Design and construction
- Architect: Chancel Adrien

= Hôtel de Ville, Ivry-sur-Seine =

Town hall in Ivry-sur-Seine, France

The Hôtel de Ville (/fr/, City Hall) is a municipal building in Ivry-sur-Seine, Val-de-Marne, in the southern suburbs of Paris, standing on Esplanade Georges Marrane. It has been included on the Inventaire général des monuments by the French Ministry of Culture since 1994.

==History==
Following the French Revolution, the new council initially held its meetings in the house of the mayor of the day. However, in the mid-19th century, it decided to acquire a dedicated municipal building: the property it selected was a private house on Rue de Seine (now Avenue Georges Gosnat). The house was designed by Jacques Hardouin-Mansart de Sagonne and was completed in 1739. It accommodated a school established by the educator, Pierre-Philibert Pompée, from 1853. In August 1870, in the context of the threat of the Franco-Prussian War, the council relocated to the relative safety of a property in central Paris but, after the threat had subsided in 1871, the council acquired the house on Rue de Seine.
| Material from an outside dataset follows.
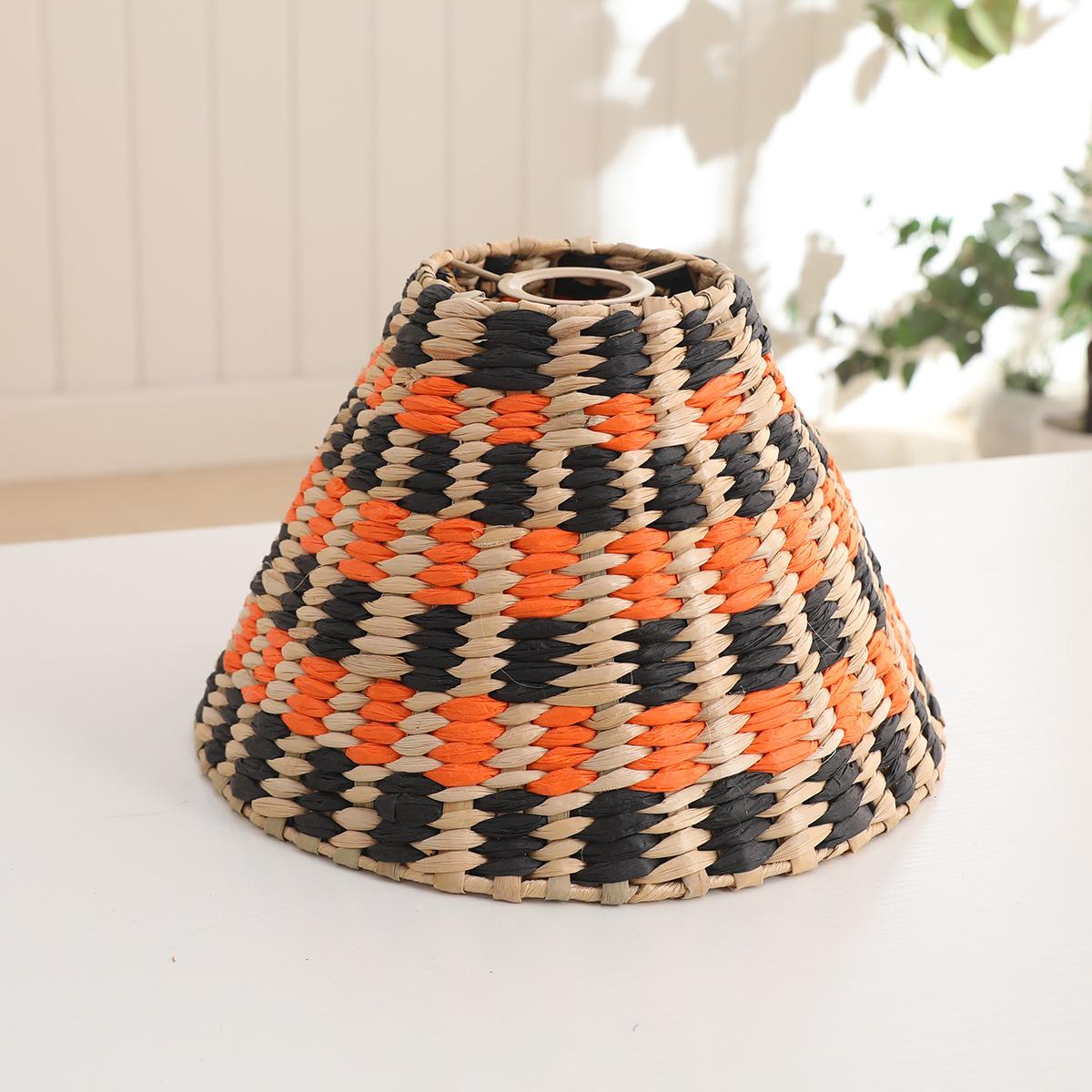 black and white flowers, black orange plain weave, Pugen Bell, Wicker lampshade upper opening 17.5* lower open...

In the late 19th century, the council decided to commission a more substantial town hall on the same site, just to the southeast of the original building, which was later demolished. The foundation stone was laid by the Secretary-General of the Seine Prefecture, Léon Bruman, on 3 February 1895. It was designed by Chancel Adrien in the Louis XIV style, built in ashlar stone and was officially opened by the mayor, Émile-Louis Bruyer, on 19 April 1896.

The design involved a symmetrical main frontage of five bays facing onto Rue de Seine. The central three bays featured round headed openings containing doorways with iron grills, voussoirs and keystones. The outer bays contained pairs of casement windows, stacked one on top of the other, while the first floor was fenestrated with five tall casement windows with balustrades, moulded surrounds and keystones. The bays on the ground floor were flanked by banded Doric order columns supporting entablatures and cornices, while the bays on the first floor were flanked by fluted Corinthian order columns supporting entablatures and modillioned cornices. The bays on the first floor were flanked by six niches containing statues reflecting local industries: they were sculpted by Léon Fagel, Adolphe Geoffroy, Jean Hugues and Camille Lefèvre. Above the central bay, there was a clock flanked by pilasters supporting a pediment while, above the other bays, there were heraldic shields flanked by pilasters supporting pediments. Internally, the principal rooms were the Salle des Mariages (wedding room) and the Salle du Conseil (council chamber).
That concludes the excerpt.